Now, as it is binary and contains some sort of information , we need to have some variations, so these markers have two unique properties- ID and Type

Now the id of the marker depends on what type it is, Lets understand this is some detail:
In the above marker, If you will see, there is a 1 box padding on all sides, also in the marker you can see that in one row(after removing the padding) you can fit 6 white boxes, so this is a 6X6 marker, now the type of the marker you cannot guess (and you should not!). So the type is predefined and is kind of a hiccup here, there are total of 25 types(or dictionaries) of markers in cv2, and each dictionary contains the same number of bits or blocks and a fixed number of markers(50,100,250 or 1000).
The above attached image of the marker is — id 23 of DICT_6X6_250.
So, the type here is DICT_6X6_250 and id is 23.(Note that here id cannot exceed 250 as there are only 250 markers available in the dictionary).

Uses in Industry:

For Pose Estimation, automation in robots, 2D projection, Augmented Reality and what not! And of course today we are going to learn about how to use them for distance calculation.
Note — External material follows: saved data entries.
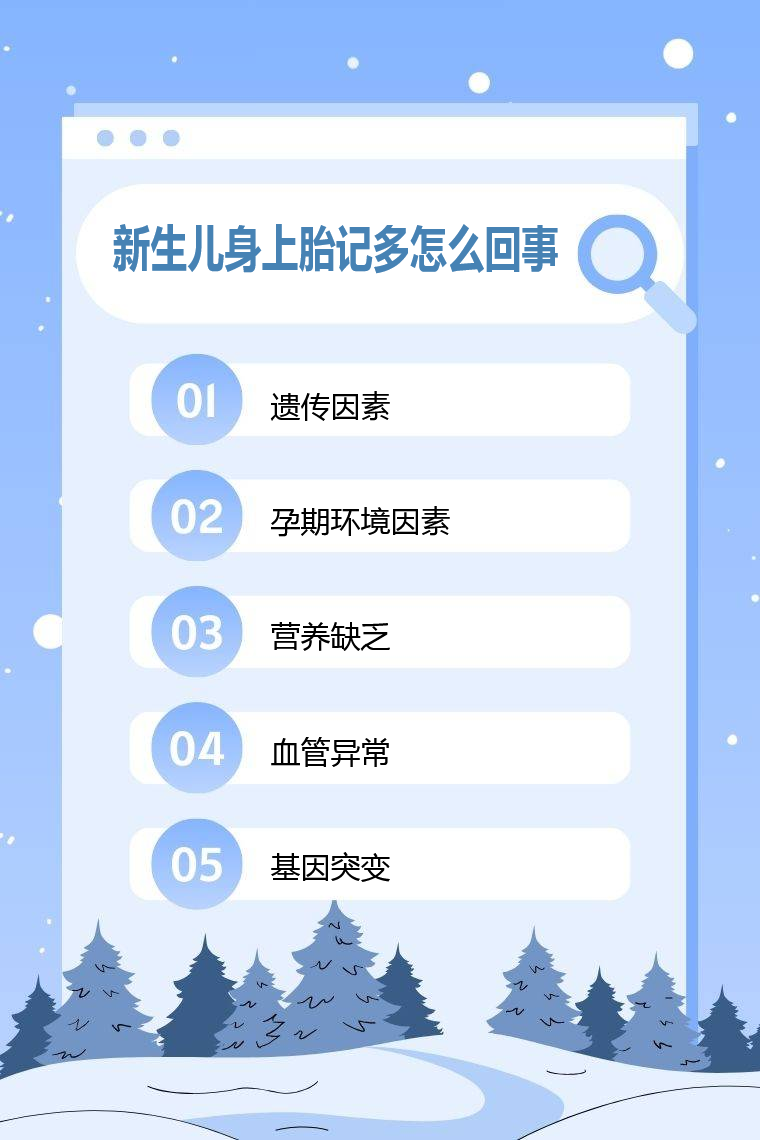 新生兒身上胎記多可能與遺傳因素、孕期環境因素、營養缺乏、血管異常、基因突變等有關。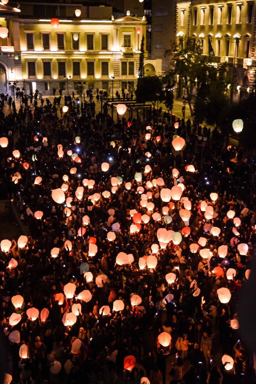 Μικροί και μεγάλοι, ανάμεσα τους και ο δήμαρχος Αθηναίων Κώστας Μπακογιάννης, πήραν χάρτινα φαναράκια και τα άφησαν να πετάξουν αναμμένα στον αθηναϊκό ουρανό μαζί με τις ευχές τους και την ελπίδα για ένα καλύτερο αύριο.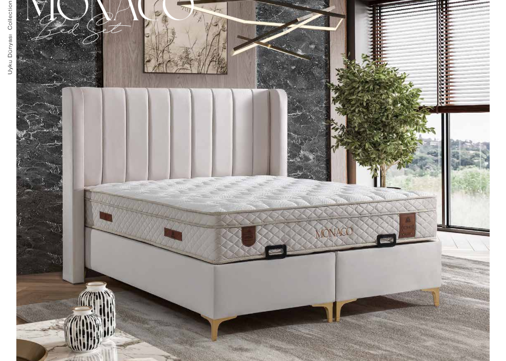 Тапицираното легло Monaco е от стилната колекция на Uyku Dünyasi впечатлява с модерен дизайн, висококачествена изработка и функционални предимства, превръщайки го в перфектния избор за едно елегантно и уютно спално обзавеждане.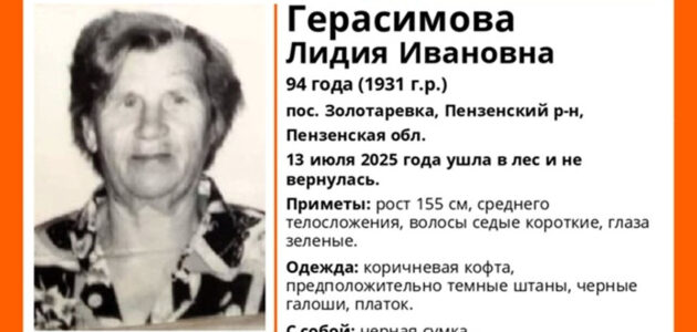 Поиски 94-летней Лидии Герасимовой в поселке Золотаревка завершены успешно. Напомним, что 13 июля женщина ушла и в лес и не вернулась. О том, что пропавшую нашли, … russia58.tv »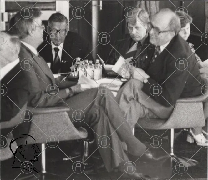 möte, diskussion, män, kostymer, 1970-tal, svartvitt, konferens, papper, glas, stolar, bord, affärsmän, ansikten, dokument, samtal, grupp, professionell, inomhus, kläder, uttryck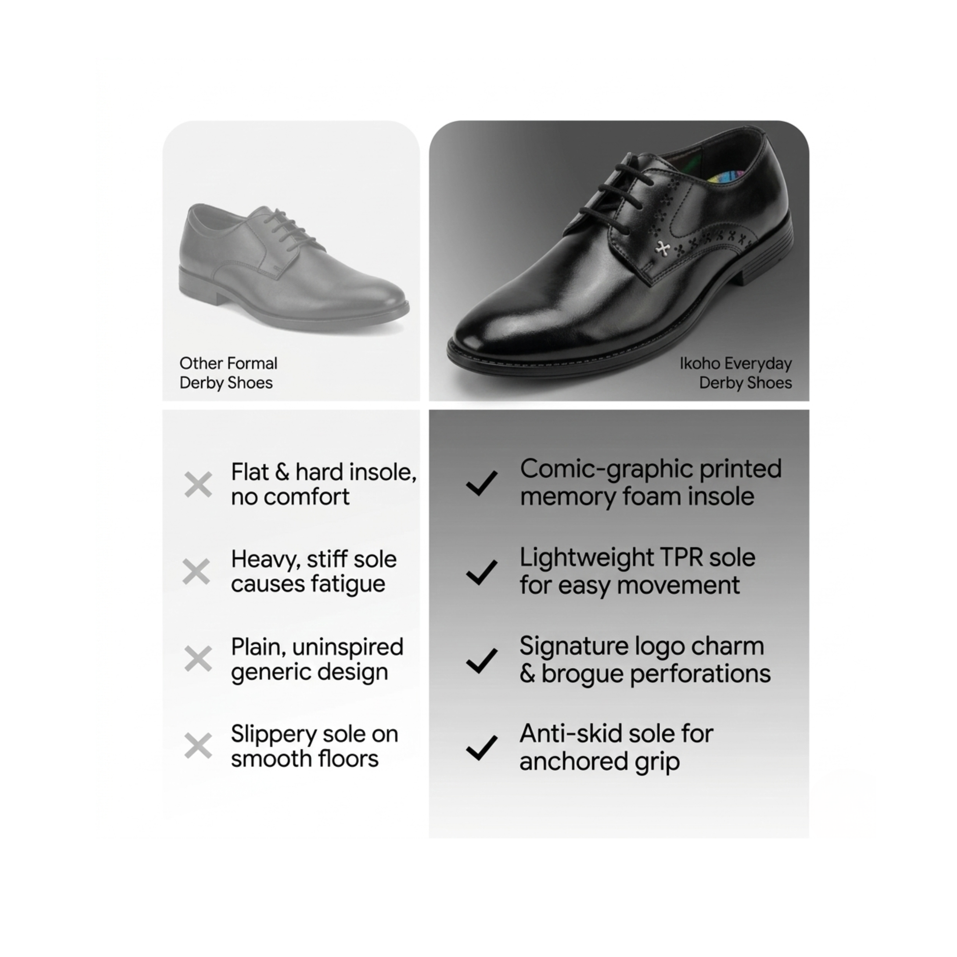 Built for the 9-to-5 and beyond, the Everyday Derby Shoes feature a premium leather upper and lining with a classic lace-up silhouette, finished with the Ikoho logo metal charm and logo-shaped brogue perforation detailing. Inside, the comic graphic printed memory foam insole with the mascot adds comfort and colour, while the lightweight, durable TPR sole keeps you moving all day without blending in.

Before Using them Lets see how they are generated-
In Python you can generate them with the help of cv2.aruco.drawMarker() function, Lets see it in action!

The required packages are:

import cv2
import numpy as np
import argparse
import sys
import os

Now, you need the id and type of the marker , so lets take them as arguments-

ap.add_argument("-i", "--id", type=int, required=True,
help="id of the aruco marker to be generated")
ap.add_argument("-t", "--type", type=str,
default="DICT_ARUCO_ORIGINAL", help="type of ARUCO marker")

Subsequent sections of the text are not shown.